Flying back and forth regularly. Not sure it would look good on your profile. ”
“There’s the train.” He’s back to the jigsaw, keeping things chill.
“Ha! You’d be returning as soon as you arrived. Weekends aren’t long enough for that.”
“You’ve thought about it?” he asks, eyebrow raised. It looks like hope.
“No, not really, Jamie,” she says, trying to be gentle. “This was just supposed to be…” She closes her eyes, trying to find the words that won’t be too brutal, but sees there’s no way around this. “It was just Once-and-Done. Like I said. And it was mind-blowing, unforgettable, but it’s done.”
His hand stills and she sees the hurt in his eyes, immediately wanting to soothe it.
“I don’t mean that in a bad way. This, with you, has been a wonderful thing in what was a bit of a nightmare for me.
But look at it from my point of view; I live in London, and I don’t want to move back.
And you live here, have a great job here and a daughter who you want to be around for.
Long-distance wouldn’t be great in the long run.
It’s too hard; never having the hard discussions in case you spoil the short moments you’ve got, the missing each other in between, not being near when times are tough.
I’ve seen it.” Well, she’s seen it on TV.
Her lived experience never got to that, as Ida always left when things got tricky.
His gaze softens, and his hand resumes stroking her leg. She isn’t sure he’s aware he’s doing it. “You really can’t see yourself coming back here?”

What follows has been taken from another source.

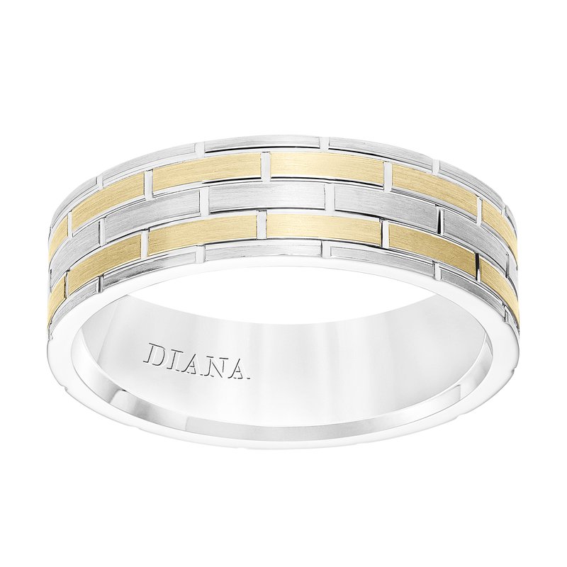 Ladies Band with Satin Finish Brick Design and Flat Edge

“Really not,” she says softly. “I’ve moved on.” She pushes away the thought of her apartment and how, now he’s brought her attention to it, Danish it is. The furniture, the style, the trinkets, the single duvets on the double bed.

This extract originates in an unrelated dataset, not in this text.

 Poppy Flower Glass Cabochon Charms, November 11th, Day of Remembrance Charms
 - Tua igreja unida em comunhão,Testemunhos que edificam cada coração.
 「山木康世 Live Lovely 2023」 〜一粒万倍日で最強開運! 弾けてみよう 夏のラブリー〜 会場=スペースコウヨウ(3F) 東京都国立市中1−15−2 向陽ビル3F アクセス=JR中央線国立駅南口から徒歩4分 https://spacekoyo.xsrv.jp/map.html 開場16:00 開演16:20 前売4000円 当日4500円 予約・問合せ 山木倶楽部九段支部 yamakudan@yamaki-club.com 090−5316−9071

“The city really holds such bad memories for you?”
“They were awful times, Jamie.” She rests her head on the back of the sofa. “Some scars don’t heal, but that’s OK. They can give you the courage to change your life and move.”
The look he gives her, his wry smile, tells her he still doesn’t agree with her framing. But she doesn’t need him to.
“What is it you’re so scared of, Anna?” he asks. He’s being gentle with her now, his hand stilling, cupping her calf, and the turning of the tables makes her skin prickle.
“Scared? I’m not scared,” she says, raising her head back up. “I’m just facing the future.”
“But there could be a future here. With me.” His face is open and guileless and oh-so-handsome, but that prickling has become a bristle. Anna slides her calf out of his hand, noticing the cooling that immediately settles there. She pulls the throw over her legs, for warmth as well as defence.
It’s an offer. Honest and clear. And for many it would a good one, fantastic in fact. He’s a catch. But there is no way she can see to make this work. It’s a practical thing, it’s protecting him, it’s certainly not fear.
“I’m sorry, but I can’t see it,” is all she can say.
Jamie studies her face, then gives her a small nod with a flat smile, before pouring them both another measure, and raising the glass in toast. “To happy futures.” The separate nature of the futures isn’t lost on her.
Anna repeats it, but the words feel empty in her mouth.